There were a handful of cool kids in the music room, but they were totally outnumbered. The closet cases stuck together near the back of the risers  — us and the fat kids. (There was some overlap.) Even when I stopped singing in college, my allegiance to nerds and other social misfits remained strong. It still does. I have family and friends who run with the Cool Kids, but I’ve never felt comfortable in those packs.

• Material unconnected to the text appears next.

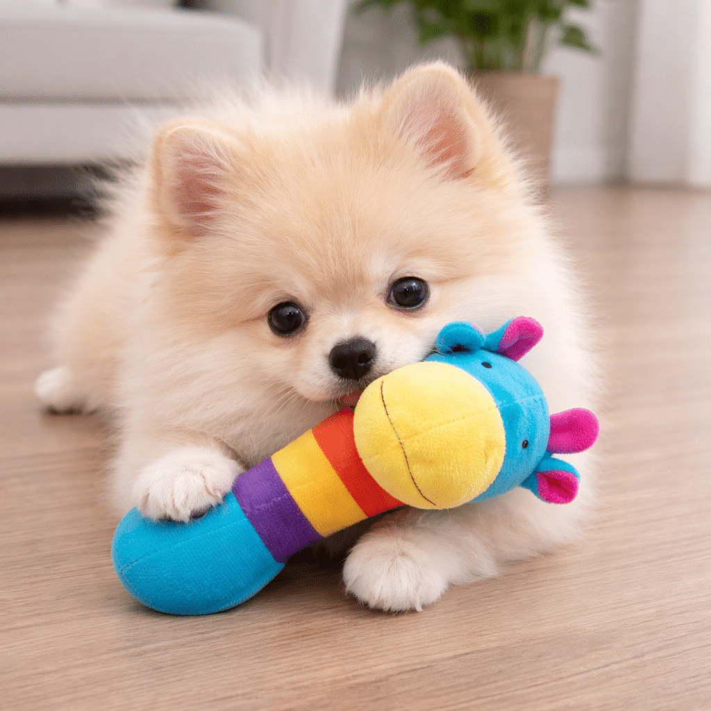 Ce jouet à mâcher en peluche girafe offre une forme allongée parfaite pour que votre petit chien puisse le saisir facilement entre ses pattes. La texture douce en peluche procure une sensation agréable lors des séances de mastication tout en respectant les gencives sensibles de votre compagnon.

Holy crap, I keep getting sidetracked. This is not meant to be about me. This is about Zelda Rubinstein, the woman perhaps best remembered for her turn in Poltergeist, but also a devoted friend of the LGBT community and one of the first Hollywood types to become involved in HIV/AIDS outreach and education. Short and heavy-set, with a curious voice, she was an unlikely actress — an outsider if ever there was one — but maybe that’s why we loved her so much, and why the feeling was clearly mutual.

I was sad to hear of her passing yesterday, but kind of excited to learn that one of my friends used to exchange birthday cards with Zelda. It’s like a brush with a brush with amazing fame.